Now, the old Soviet Union is gone, replaced by a smaller but no less militaristic Russia. The human population has ballooned to 8.1 billion. The internet is a fixture in daily life. We also have a new, more powerful space telescope, the JWST.

But the Hubble keeps delivering, as this latest image shows.

The lenticular galaxy NGC 4753 is about 60 million light-years away. Lenticular galaxies are midway between elliptical and spiral galaxies. They have large-scale disks but only poorly defined spiral arms. NGC 4753 sees very little star formation because like other lenticulars, it’s used up most of its gas. The fact that they contain mostly older stars makes them similar to elliptical galaxies.
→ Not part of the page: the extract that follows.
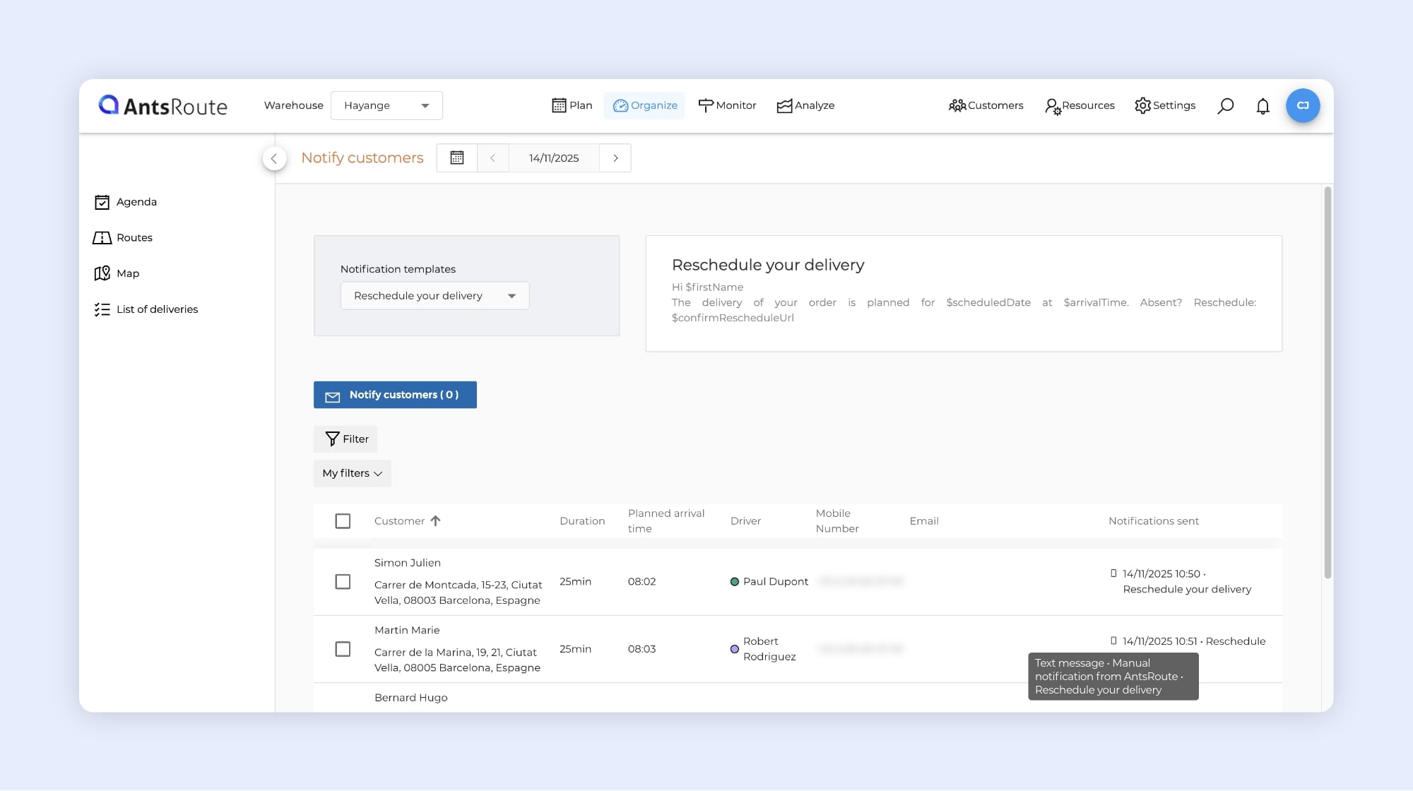 Sending bulk notifications from AntsRoute? Good news: the customer selection table now offers better traceability. In the “Notifications sent” column, you’ll now see, not just the date and time, but three key details: the type, the trigger, and the name of the template used.

Among lenticulars, NGC 4753 is known for the dust lanes surrounding its nucleus. Astronomers think that spirals evolve into lenticulars in dense environments because they interact with other galaxies and with the intergalactic medium. However, NGC 4753 is in a low-density environment. Its environment and complex structure make it a target for astronomers to test their theories of galaxy formation and evolution.

This Hubble image is the sharpest ever taken of NGC 4753, revealing its intriguing complexity and highlighting the space telescope’s impressive resolving power.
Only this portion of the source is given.